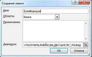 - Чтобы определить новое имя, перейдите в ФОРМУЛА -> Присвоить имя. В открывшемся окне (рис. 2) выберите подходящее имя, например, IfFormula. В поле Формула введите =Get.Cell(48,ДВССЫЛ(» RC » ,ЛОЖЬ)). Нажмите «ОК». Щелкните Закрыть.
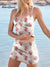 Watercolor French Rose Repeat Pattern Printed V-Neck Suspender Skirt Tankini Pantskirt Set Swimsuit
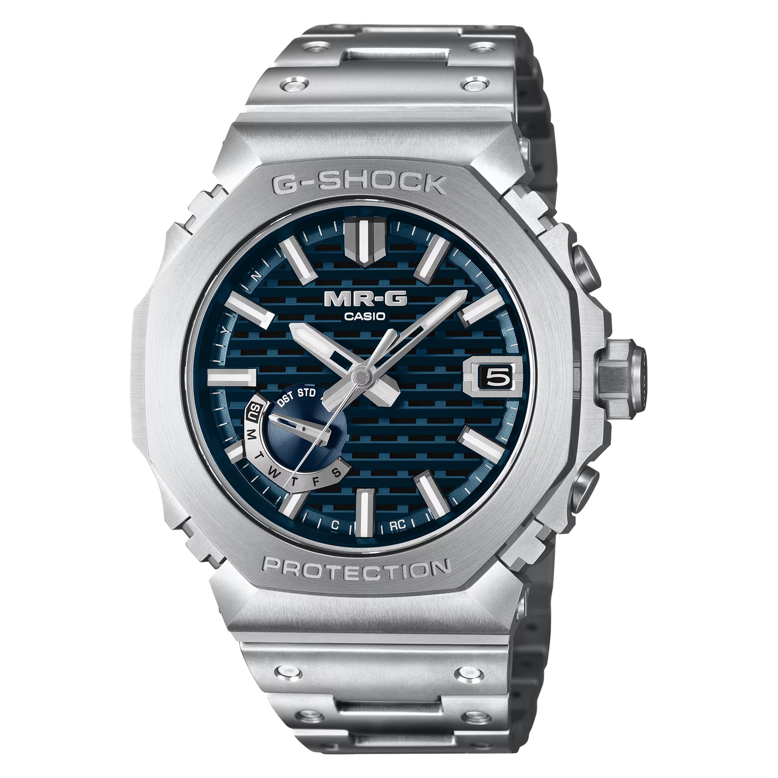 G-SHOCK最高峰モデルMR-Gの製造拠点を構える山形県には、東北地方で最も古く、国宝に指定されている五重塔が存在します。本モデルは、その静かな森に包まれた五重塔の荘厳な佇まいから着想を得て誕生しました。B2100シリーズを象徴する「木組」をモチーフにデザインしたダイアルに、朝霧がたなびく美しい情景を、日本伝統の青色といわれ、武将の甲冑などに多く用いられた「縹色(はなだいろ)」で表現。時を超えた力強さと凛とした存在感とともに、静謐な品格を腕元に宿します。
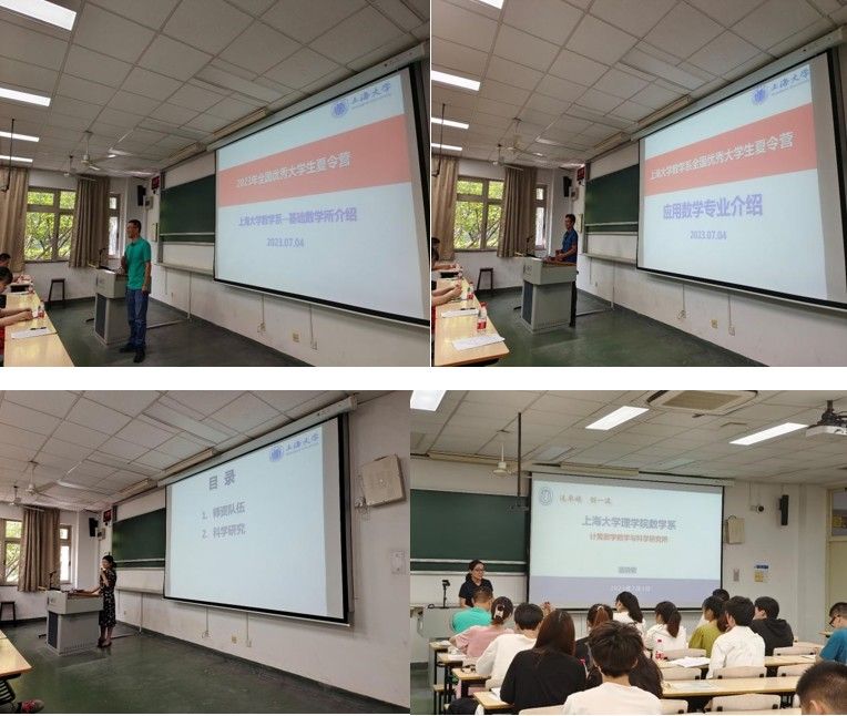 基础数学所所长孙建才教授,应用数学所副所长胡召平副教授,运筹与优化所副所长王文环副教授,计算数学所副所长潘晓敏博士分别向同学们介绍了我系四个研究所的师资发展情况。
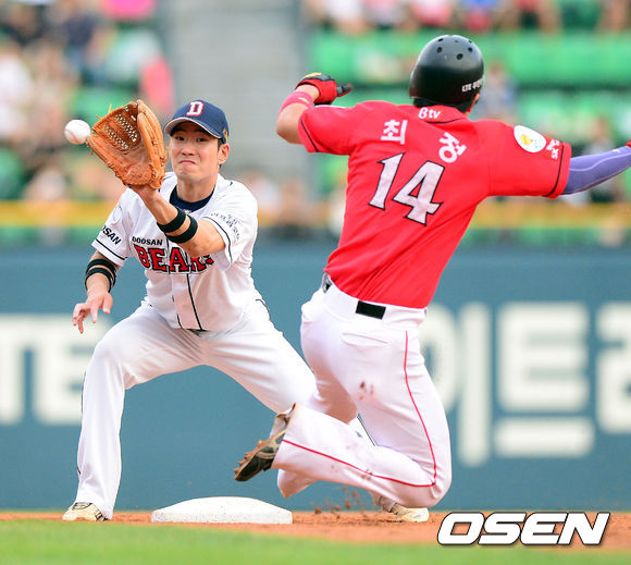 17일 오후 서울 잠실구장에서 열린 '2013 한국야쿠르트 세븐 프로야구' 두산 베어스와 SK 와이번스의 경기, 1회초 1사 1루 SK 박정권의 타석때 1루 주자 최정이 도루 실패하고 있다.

### WHAT THIS TASK INVOLVES
Set down exactly the lines of the entries above from the one holding "基础数学所所长孙建才教授,应" through the last one, including both, with the pictures left out.

### REPLY
 基础数学所所长孙建才教授,应用数学所副所长胡召平副教授,运筹与优化所副所长王文环副教授,计算数学所副所长潘晓敏博士分别向同学们介绍了我系四个研究所的师资发展情况。
 17일 오후 서울 잠실구장에서 열린 '2013 한국야쿠르트 세븐 프로야구' 두산 베어스와 SK 와이번스의 경기, 1회초 1사 1루 SK 박정권의 타석때 1루 주자 최정이 도루 실패하고 있다.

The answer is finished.